**TASK BRIEF:** All entries must be repeated exactly; do not include the pictures.

**MATERIAL SUPPLIED:**
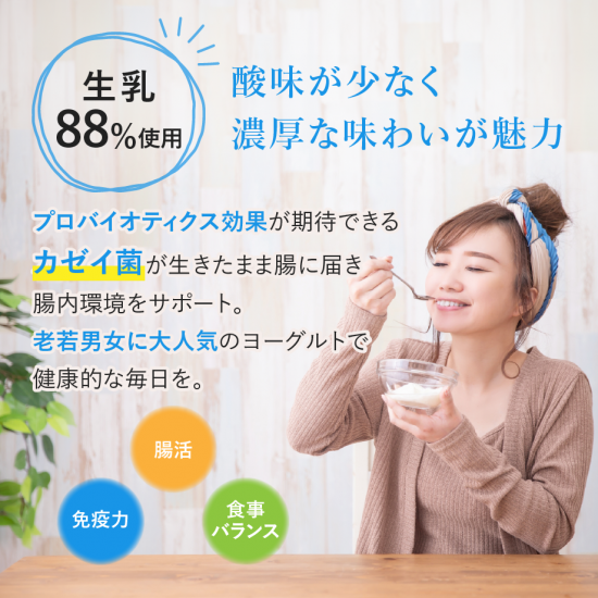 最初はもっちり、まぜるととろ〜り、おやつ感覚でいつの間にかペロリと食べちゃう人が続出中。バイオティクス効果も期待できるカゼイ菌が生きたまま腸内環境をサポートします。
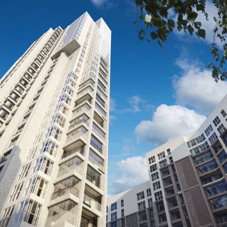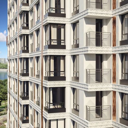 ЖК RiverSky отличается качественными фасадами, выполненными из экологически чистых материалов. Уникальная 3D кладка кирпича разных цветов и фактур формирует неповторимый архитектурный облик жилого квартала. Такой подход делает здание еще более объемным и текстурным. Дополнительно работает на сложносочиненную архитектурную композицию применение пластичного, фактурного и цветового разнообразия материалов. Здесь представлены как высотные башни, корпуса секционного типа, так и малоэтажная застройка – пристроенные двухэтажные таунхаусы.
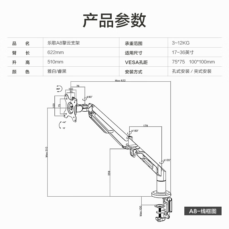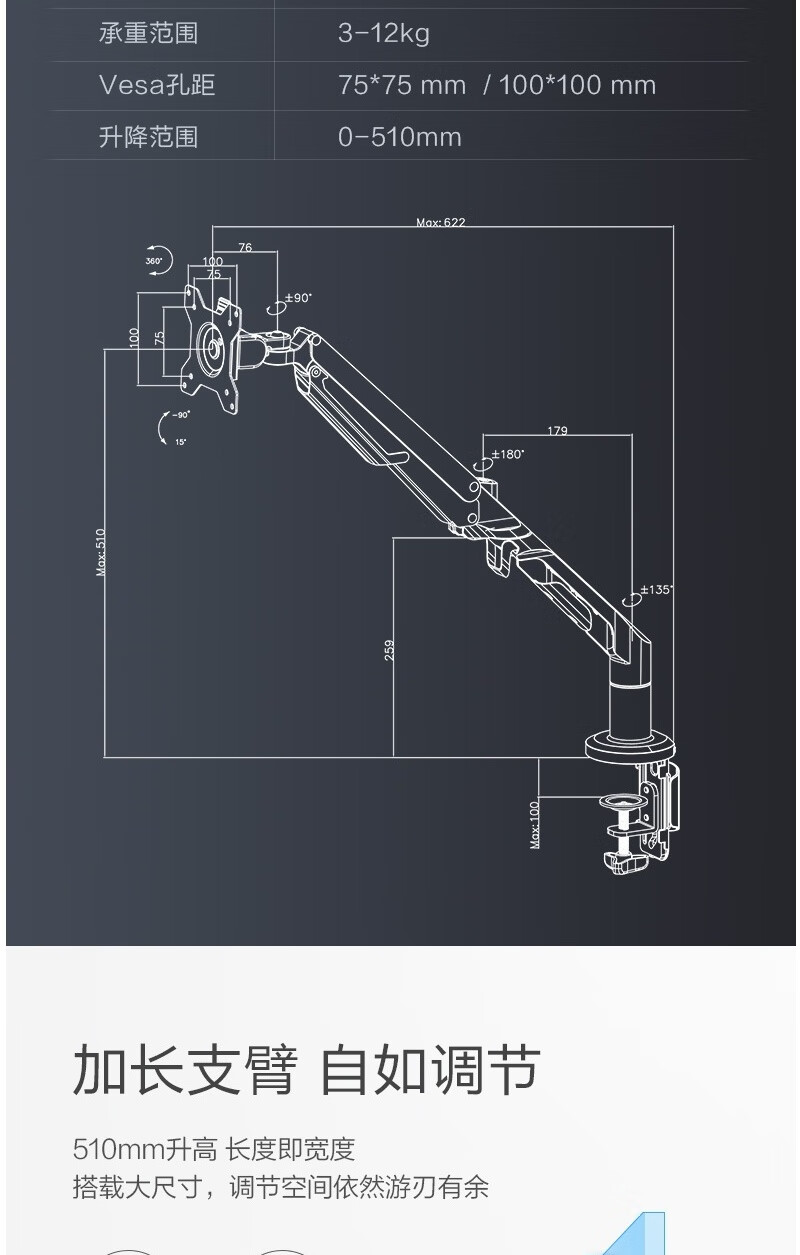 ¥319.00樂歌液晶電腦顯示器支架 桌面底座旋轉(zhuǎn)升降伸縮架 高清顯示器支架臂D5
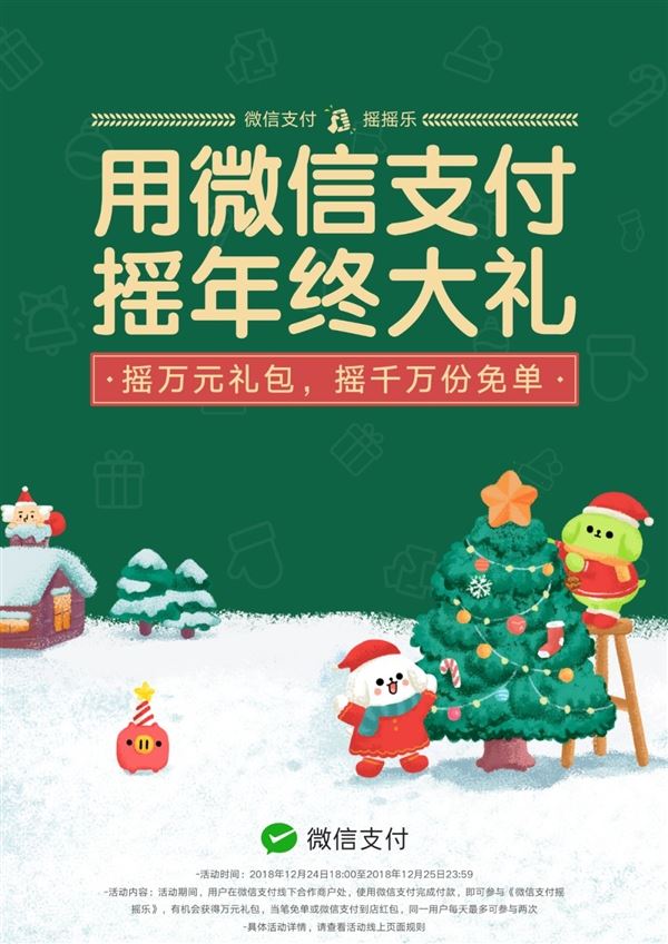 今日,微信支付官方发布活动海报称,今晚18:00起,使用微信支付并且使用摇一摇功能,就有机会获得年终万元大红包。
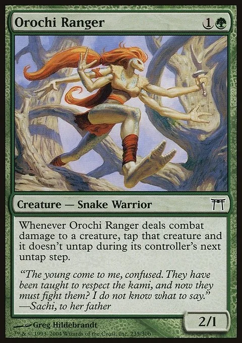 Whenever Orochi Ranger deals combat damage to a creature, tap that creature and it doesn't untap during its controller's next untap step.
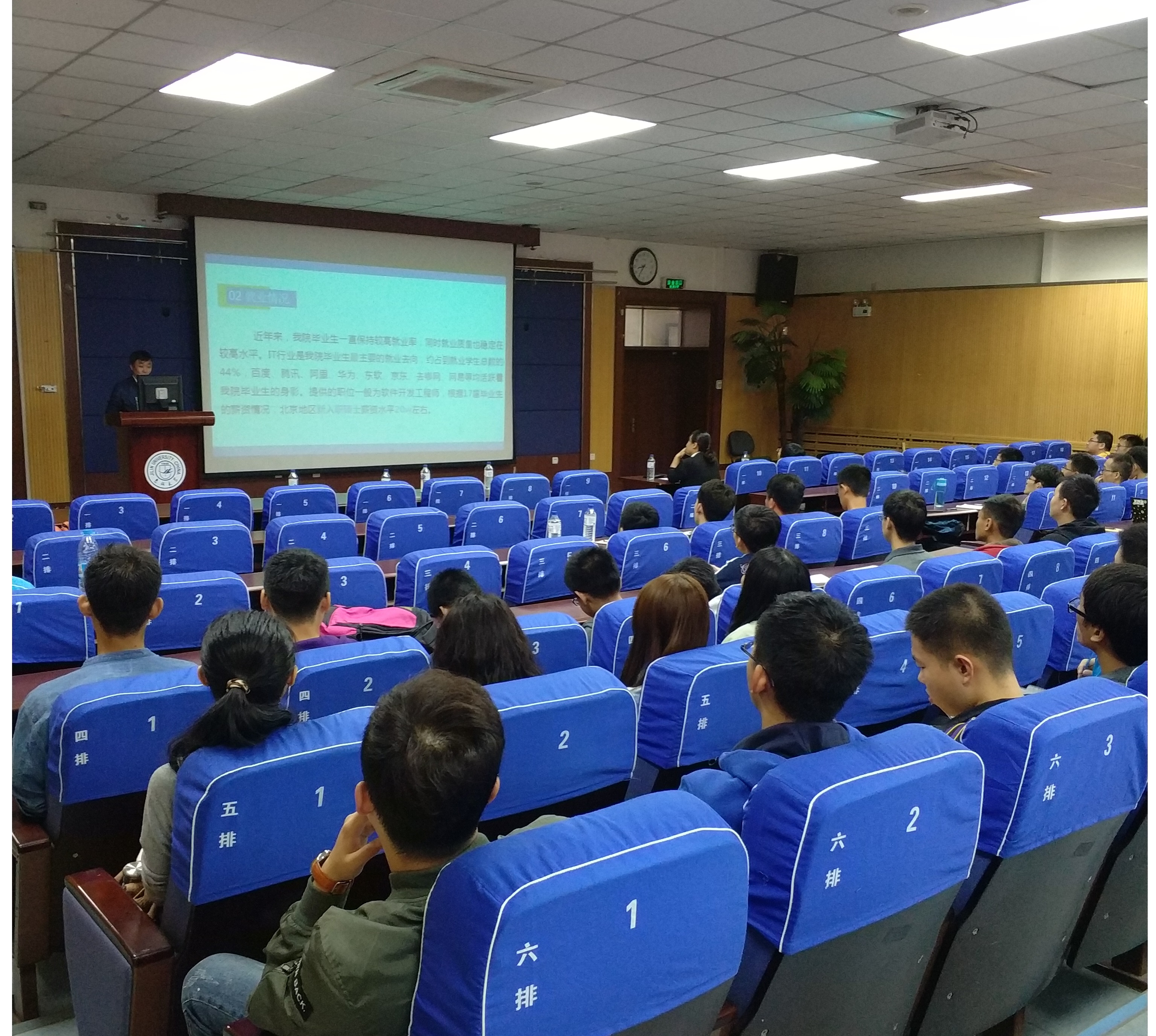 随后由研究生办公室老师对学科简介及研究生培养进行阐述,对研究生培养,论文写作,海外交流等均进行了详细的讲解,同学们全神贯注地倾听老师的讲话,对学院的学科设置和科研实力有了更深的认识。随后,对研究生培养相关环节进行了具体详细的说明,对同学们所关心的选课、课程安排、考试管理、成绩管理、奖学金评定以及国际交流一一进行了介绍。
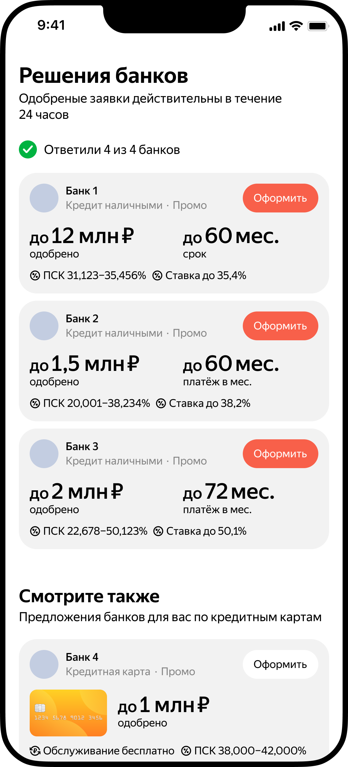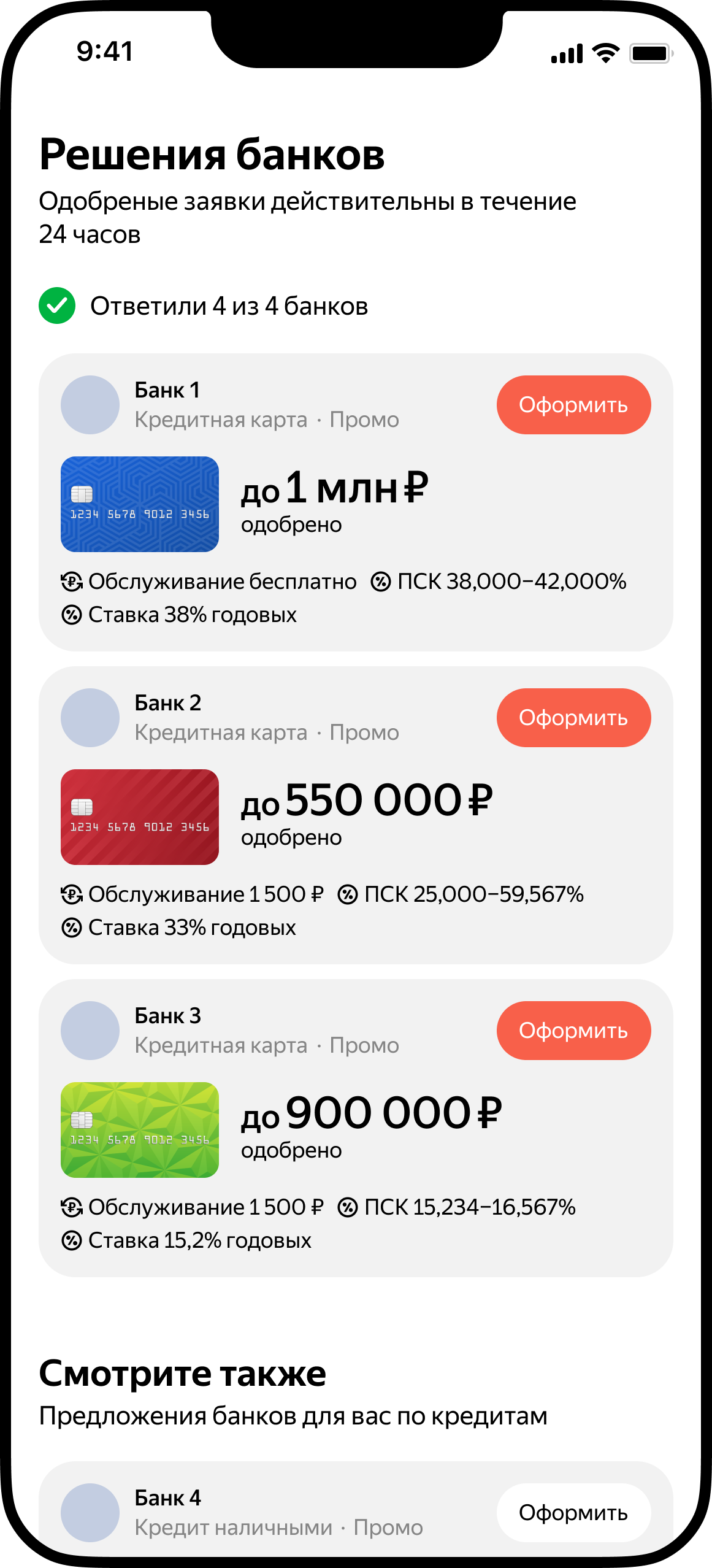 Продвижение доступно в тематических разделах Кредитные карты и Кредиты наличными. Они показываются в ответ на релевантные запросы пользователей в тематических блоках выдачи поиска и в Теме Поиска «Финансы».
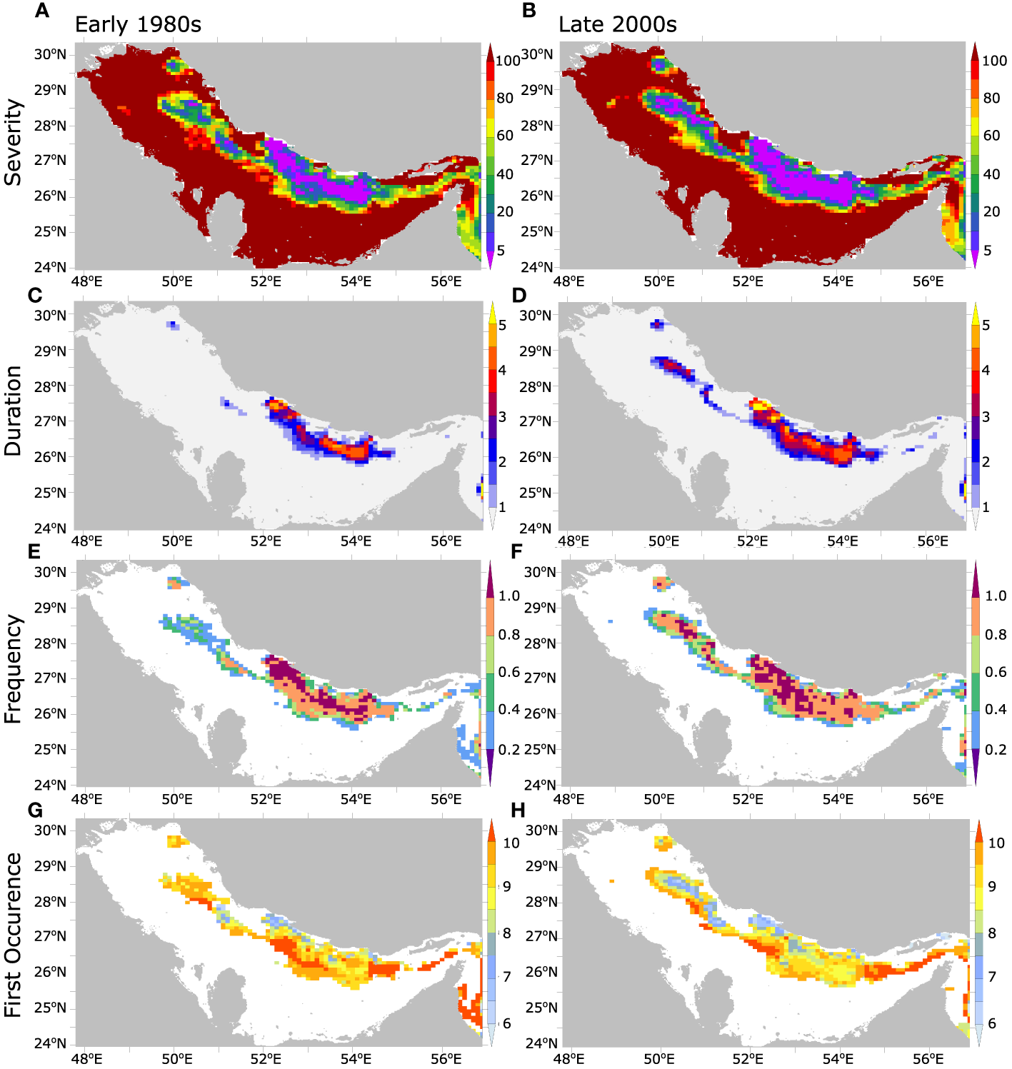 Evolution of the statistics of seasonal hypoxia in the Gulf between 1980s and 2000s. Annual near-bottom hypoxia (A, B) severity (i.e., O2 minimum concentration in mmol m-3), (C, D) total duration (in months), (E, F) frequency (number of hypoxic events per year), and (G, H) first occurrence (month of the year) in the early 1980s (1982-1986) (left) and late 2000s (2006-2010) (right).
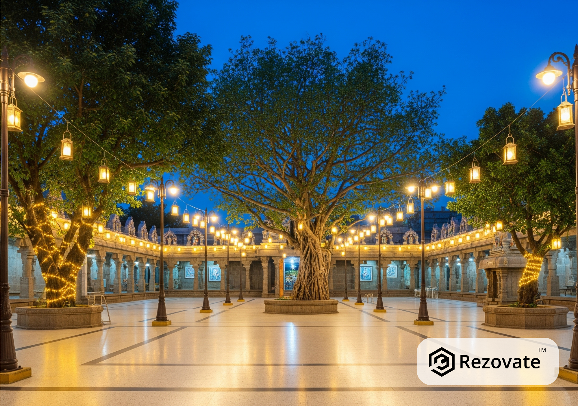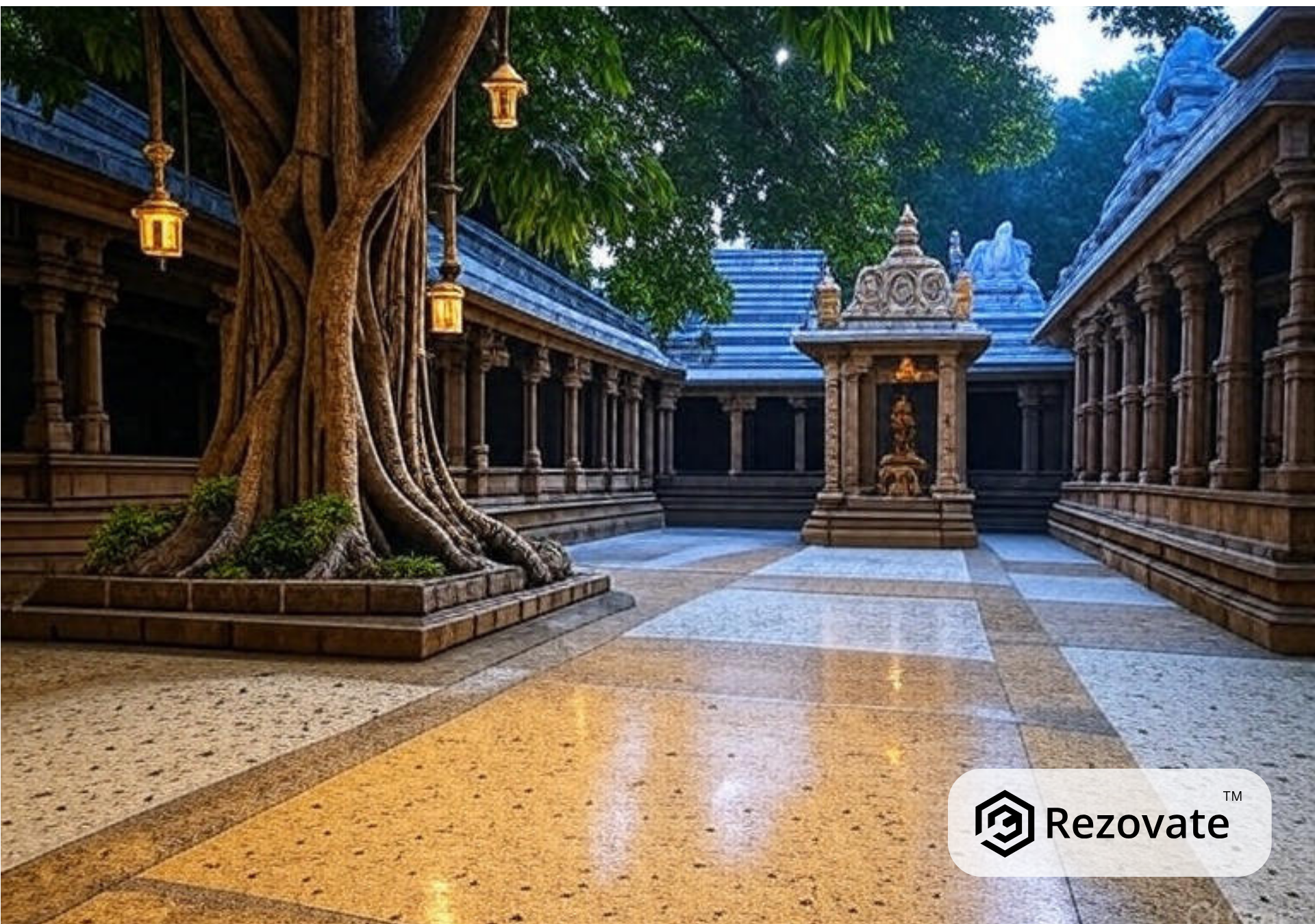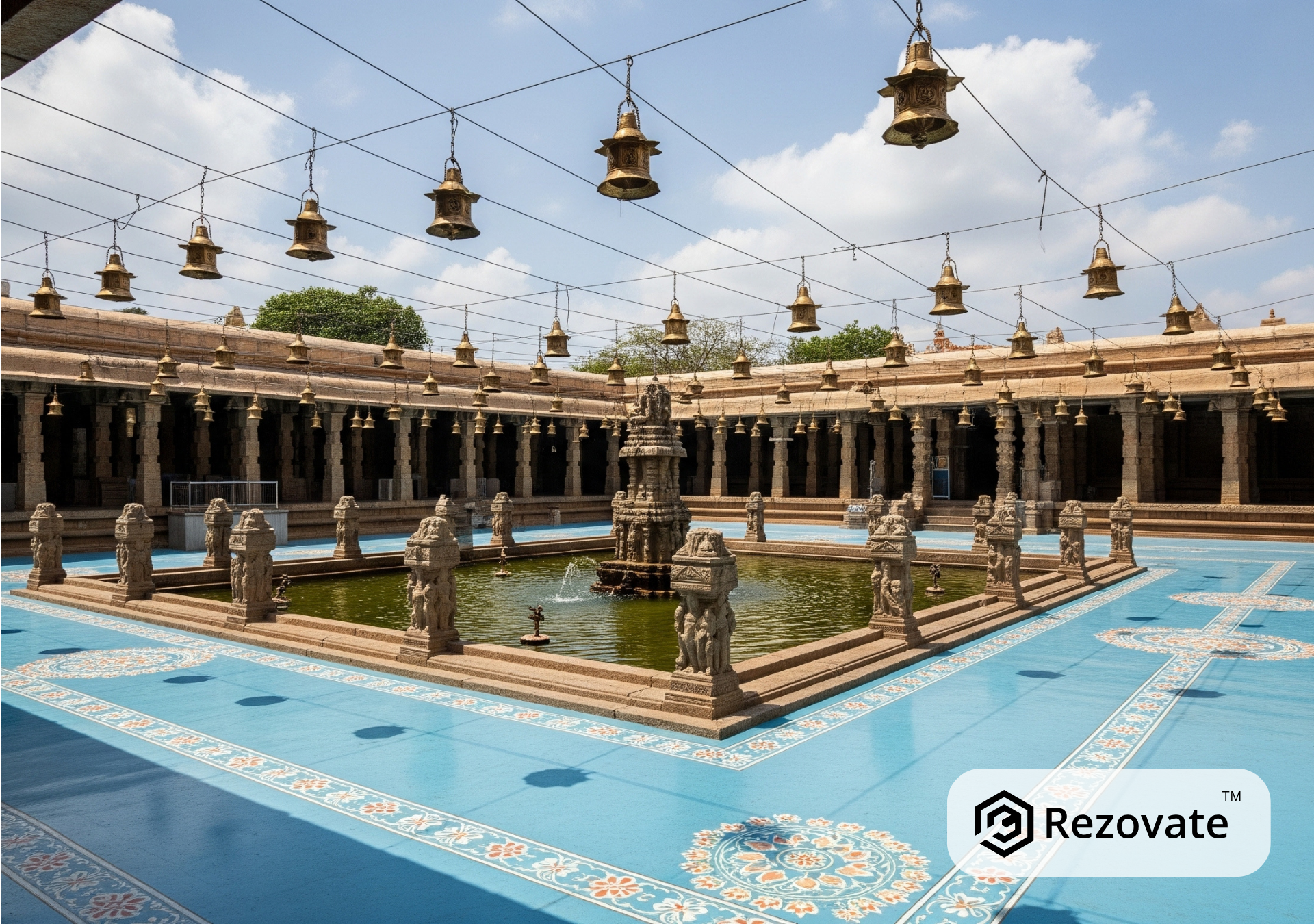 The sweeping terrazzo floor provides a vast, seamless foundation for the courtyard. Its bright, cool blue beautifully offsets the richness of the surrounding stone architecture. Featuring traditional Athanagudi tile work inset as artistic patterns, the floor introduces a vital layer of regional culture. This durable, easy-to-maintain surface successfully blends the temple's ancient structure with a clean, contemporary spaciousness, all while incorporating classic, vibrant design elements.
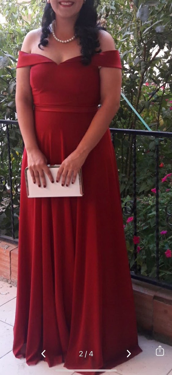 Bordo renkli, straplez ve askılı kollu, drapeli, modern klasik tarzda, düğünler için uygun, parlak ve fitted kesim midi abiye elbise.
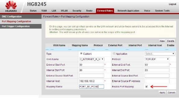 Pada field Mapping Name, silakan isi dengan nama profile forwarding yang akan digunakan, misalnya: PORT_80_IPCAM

**REPLY TO THE EXERCISE:**
 最初はもっちり、まぜるととろ〜り、おやつ感覚でいつの間にかペロリと食べちゃう人が続出中。バイオティクス効果も期待できるカゼイ菌が生きたまま腸内環境をサポートします。
 ЖК RiverSky отличается качественными фасадами, выполненными из экологически чистых материалов. Уникальная 3D кладка кирпича разных цветов и фактур формирует неповторимый архитектурный облик жилого квартала. Такой подход делает здание еще более объемным и текстурным. Дополнительно работает на сложносочиненную архитектурную композицию применение пластичного, фактурного и цветового разнообразия материалов. Здесь представлены как высотные башни, корпуса секционного типа, так и малоэтажная застройка – пристроенные двухэтажные таунхаусы.
 ¥319.00樂歌液晶電腦顯示器支架 桌面底座旋轉(zhuǎn)升降伸縮架 高清顯示器支架臂D5
 今日,微信支付官方发布活动海报称,今晚18:00起,使用微信支付并且使用摇一摇功能,就有机会获得年终万元大红包。
 Whenever Orochi Ranger deals combat damage to a creature, tap that creature and it doesn't untap during its controller's next untap step.
 随后由研究生办公室老师对学科简介及研究生培养进行阐述,对研究生培养,论文写作,海外交流等均进行了详细的讲解,同学们全神贯注地倾听老师的讲话,对学院的学科设置和科研实力有了更深的认识。随后,对研究生培养相关环节进行了具体详细的说明,对同学们所关心的选课、课程安排、考试管理、成绩管理、奖学金评定以及国际交流一一进行了介绍。
 Продвижение доступно в тематических разделах Кредитные карты и Кредиты наличными. Они показываются в ответ на релевантные запросы пользователей в тематических блоках выдачи поиска и в Теме Поиска «Финансы».
 Evolution of the statistics of seasonal hypoxia in the Gulf between 1980s and 2000s. Annual near-bottom hypoxia (A, B) severity (i.e., O2 minimum concentration in mmol m-3), (C, D) total duration (in months), (E, F) frequency (number of hypoxic events per year), and (G, H) first occurrence (month of the year) in the early 1980s (1982-1986) (left) and late 2000s (2006-2010) (right).
 The sweeping terrazzo floor provides a vast, seamless foundation for the courtyard. Its bright, cool blue beautifully offsets the richness of the surrounding stone architecture. Featuring traditional Athanagudi tile work inset as artistic patterns, the floor introduces a vital layer of regional culture. This durable, easy-to-maintain surface successfully blends the temple's ancient structure with a clean, contemporary spaciousness, all while incorporating classic, vibrant design elements.
 Bordo renkli, straplez ve askılı kollu, drapeli, modern klasik tarzda, düğünler için uygun, parlak ve fitted kesim midi abiye elbise.
 Pada field Mapping Name, silakan isi dengan nama profile forwarding yang akan digunakan, misalnya: PORT_80_IPCAM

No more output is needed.